====== DATASET ENTRIES ======

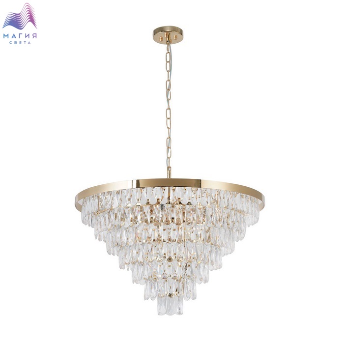 Классические люстры Favourite Cake превосходны! Объемные хрустальные элементы прозрачного цвета создают форму светильника. Основание изготовлено из металла и окрашено в благородный цвет французского золота. Люстры оснащены 2 вариантами крепления, поэтому могут быть повешены как с цепью, так и без нее.
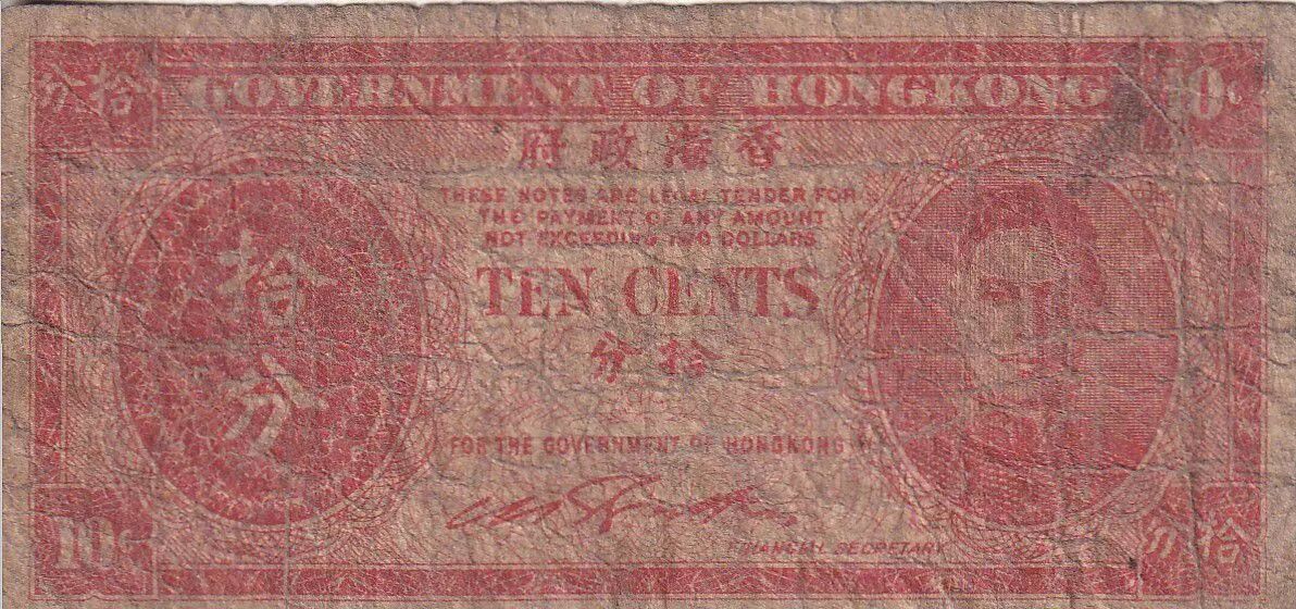 Banknote Hong Kong 10 Cents - George VI - ND (1945) - P.323
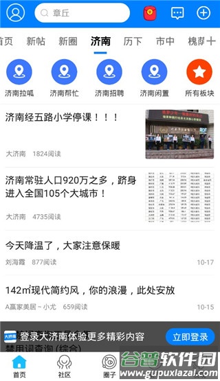 2、首页展示济南各区域的动态新闻,可浏览关注。
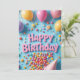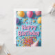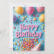 This bright and cheerful birthday card features the words “Happy Birthday” in bold pink letters surrounded by colourful balloons, lollipops, confetti, and a playful cone-shaped party hat. A cascade of vibrant candy spills across a fun blue background, creating a joyful and festive vibe. Perfect for kids, sweet tooth lovers, or anyone who enjoys fun, candy-themed celebrations and bright party energy.
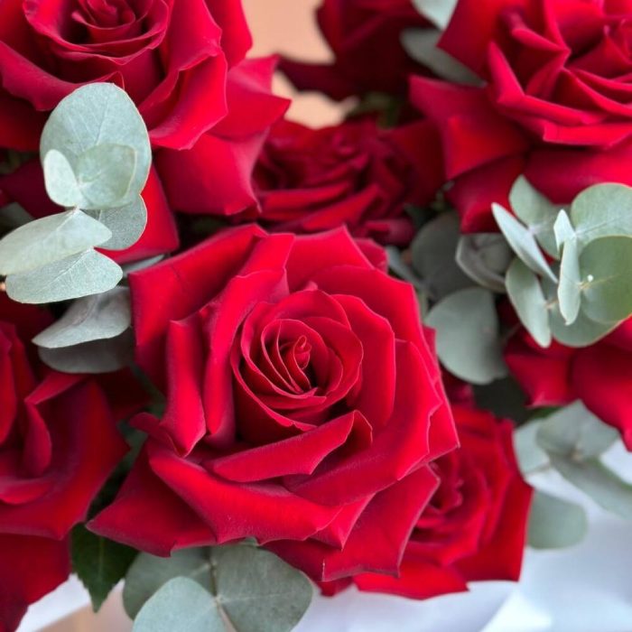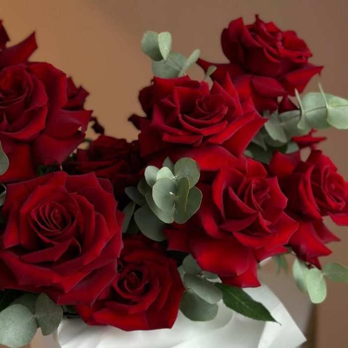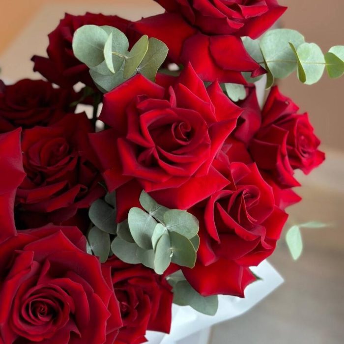 Вывернутые бархатные алые розы в белоснежной упаковке
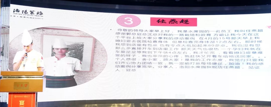 5月22日上午,宴天下新區(qū)店熱鬧非凡,洛陽(yáng)餐旅實(shí)業(yè)第20期“一情二用心”活動(dòng)總結(jié)表彰大會(huì)在這里舉行。公司行政總廚盧躍青、副總經(jīng)理閆利輝等管理人員出席大會(huì),各子公司總經(jīng)理和員工代表200余人參加表彰活動(dòng)。
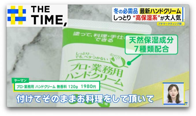 ハンズ広報部・青木さんが「大変人気のシリーズ」と話すのは、しっとりしているのにべたつかない使用感を実現した「プロ・業務用 ハンドクリーム 無香料」(ヤーマン/120g・1980円)
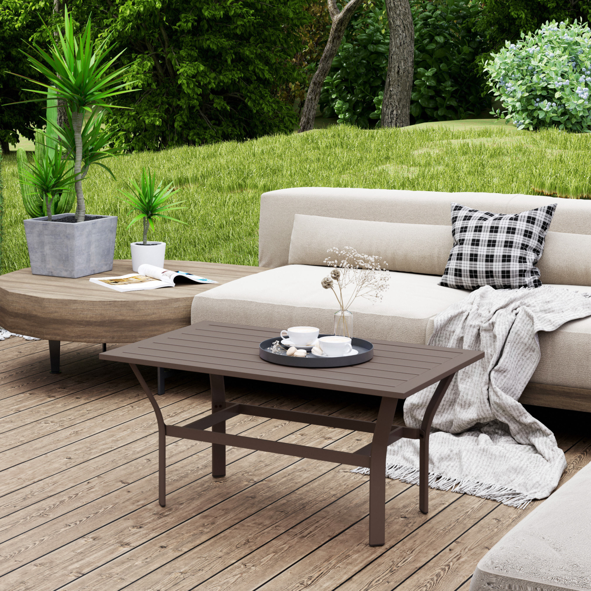 Outsunny Outdoor Coffee Table 91.5 X 55 Cm Slatted Top Weatherproof Metal Frame For Garden - Brown
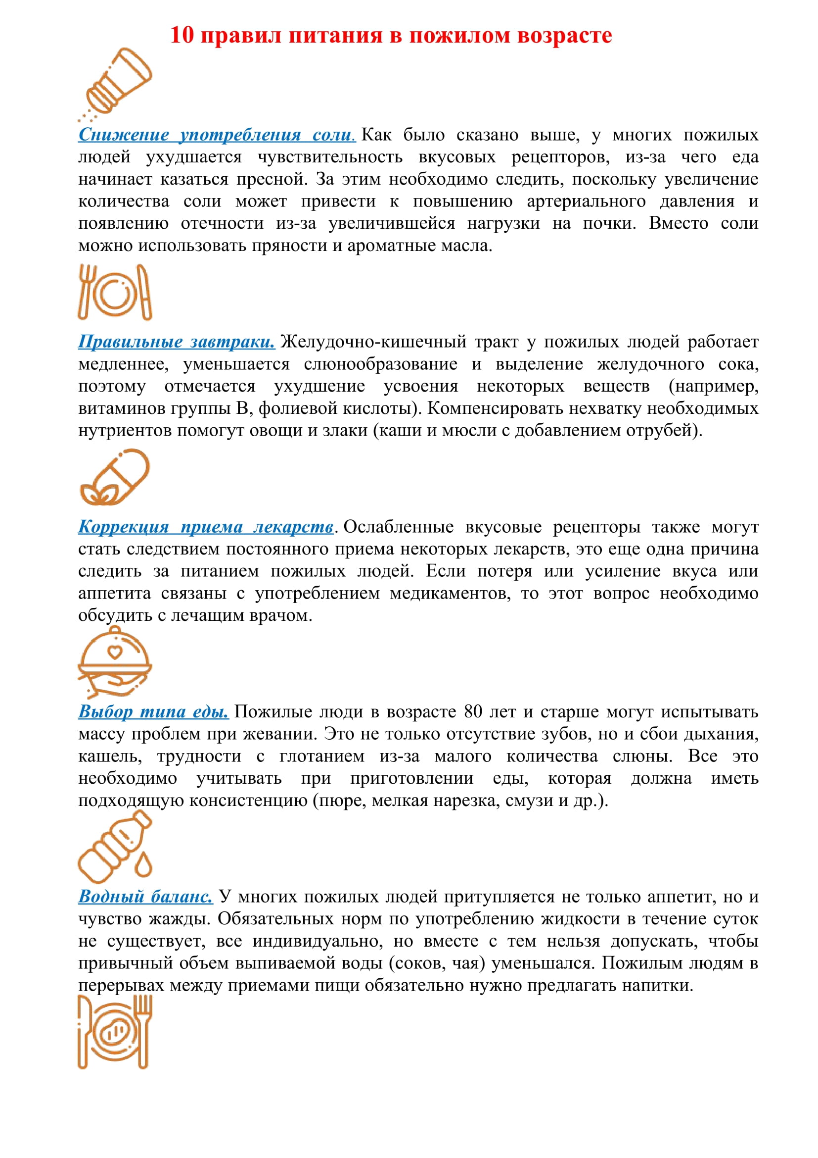 Основные принципы питания пожилых людей
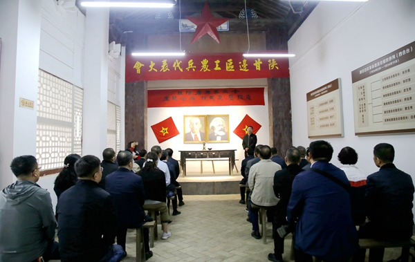 在参观学习之前,中心组成员集体听取了由南梁红色景区办公室主任张全钰所上的专题党课。半个多小时的时间里,张老师从“陕甘边区革命斗争史、‘两点一存’(落脚点、出发点、硕果仅存)主要内涵、南梁精神的主要内容”等三个方面,为全体中心组同志上了一堂党史学习教育专题党课,让大家深刻体会到了苦难中铸就辉煌、挫折后毅然奋起、探索中收获成功、失败后拨乱反正、转折中开创新局、奋斗后赢得未来的艰辛过程。
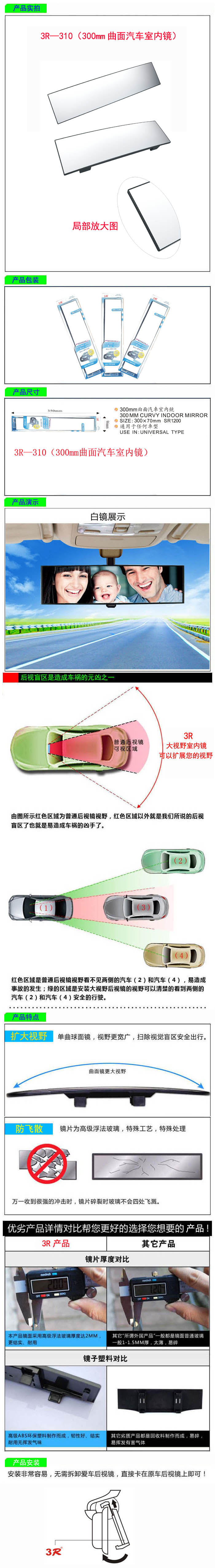 • 型號:   3R—310(300mm曲面汽車室內鏡)
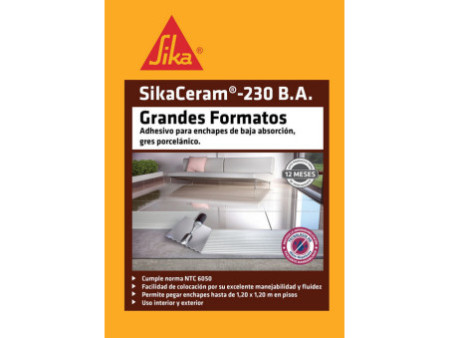 SikaCeram®-230 BA Grandes Formatos es un mortero de ligantes mixtos, especial en la instalación de piezas cerámicas de baja absorción mediante aplicación continua en capa delgada en pisos y muros interiores y pisos exteriores, especialmente formulado con aditivos especiales que le confieren una característica de protección adicional a la impermeabilización contra el paso del agua; de color blanco o gris.
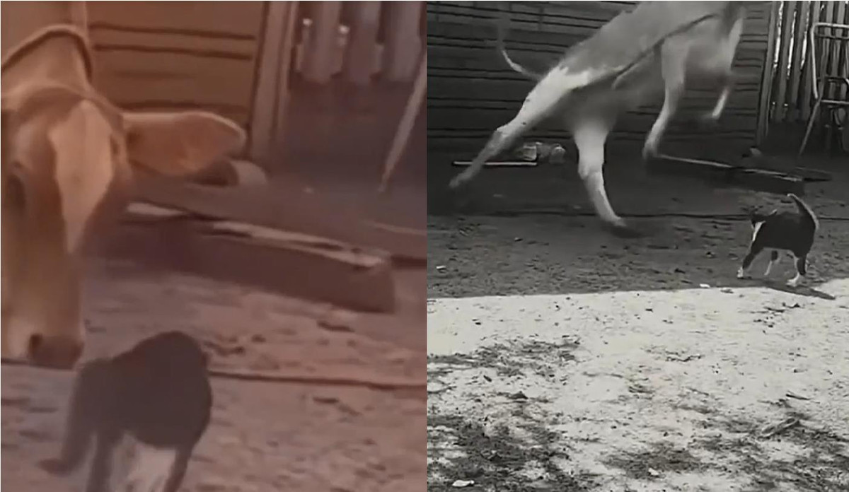Mèo vừa giơ móng vuốt doạ, bò đã giật mình bật ngửa ra phía sau.

======

# TASK GOAL
The whole listing above is to be repeated exactly, apart from its pictures.

# ANSWER SECTION
 Классические люстры Favourite Cake превосходны! Объемные хрустальные элементы прозрачного цвета создают форму светильника. Основание изготовлено из металла и окрашено в благородный цвет французского золота. Люстры оснащены 2 вариантами крепления, поэтому могут быть повешены как с цепью, так и без нее.
 Banknote Hong Kong 10 Cents - George VI - ND (1945) - P.323
 2、首页展示济南各区域的动态新闻,可浏览关注。
 This bright and cheerful birthday card features the words “Happy Birthday” in bold pink letters surrounded by colourful balloons, lollipops, confetti, and a playful cone-shaped party hat. A cascade of vibrant candy spills across a fun blue background, creating a joyful and festive vibe. Perfect for kids, sweet tooth lovers, or anyone who enjoys fun, candy-themed celebrations and bright party energy.
 Вывернутые бархатные алые розы в белоснежной упаковке
 5月22日上午,宴天下新區(qū)店熱鬧非凡,洛陽(yáng)餐旅實(shí)業(yè)第20期“一情二用心”活動(dòng)總結(jié)表彰大會(huì)在這里舉行。公司行政總廚盧躍青、副總經(jīng)理閆利輝等管理人員出席大會(huì),各子公司總經(jīng)理和員工代表200余人參加表彰活動(dòng)。
 ハンズ広報部・青木さんが「大変人気のシリーズ」と話すのは、しっとりしているのにべたつかない使用感を実現した「プロ・業務用 ハンドクリーム 無香料」(ヤーマン/120g・1980円)
 Outsunny Outdoor Coffee Table 91.5 X 55 Cm Slatted Top Weatherproof Metal Frame For Garden - Brown
 Основные принципы питания пожилых людей
 在参观学习之前,中心组成员集体听取了由南梁红色景区办公室主任张全钰所上的专题党课。半个多小时的时间里,张老师从“陕甘边区革命斗争史、‘两点一存’(落脚点、出发点、硕果仅存)主要内涵、南梁精神的主要内容”等三个方面,为全体中心组同志上了一堂党史学习教育专题党课,让大家深刻体会到了苦难中铸就辉煌、挫折后毅然奋起、探索中收获成功、失败后拨乱反正、转折中开创新局、奋斗后赢得未来的艰辛过程。
 • 型號:   3R—310(300mm曲面汽車室內鏡)
 SikaCeram®-230 BA Grandes Formatos es un mortero de ligantes mixtos, especial en la instalación de piezas cerámicas de baja absorción mediante aplicación continua en capa delgada en pisos y muros interiores y pisos exteriores, especialmente formulado con aditivos especiales que le confieren una característica de protección adicional a la impermeabilización contra el paso del agua; de color blanco o gris.
Mèo vừa giơ móng vuốt doạ, bò đã giật mình bật ngửa ra phía sau.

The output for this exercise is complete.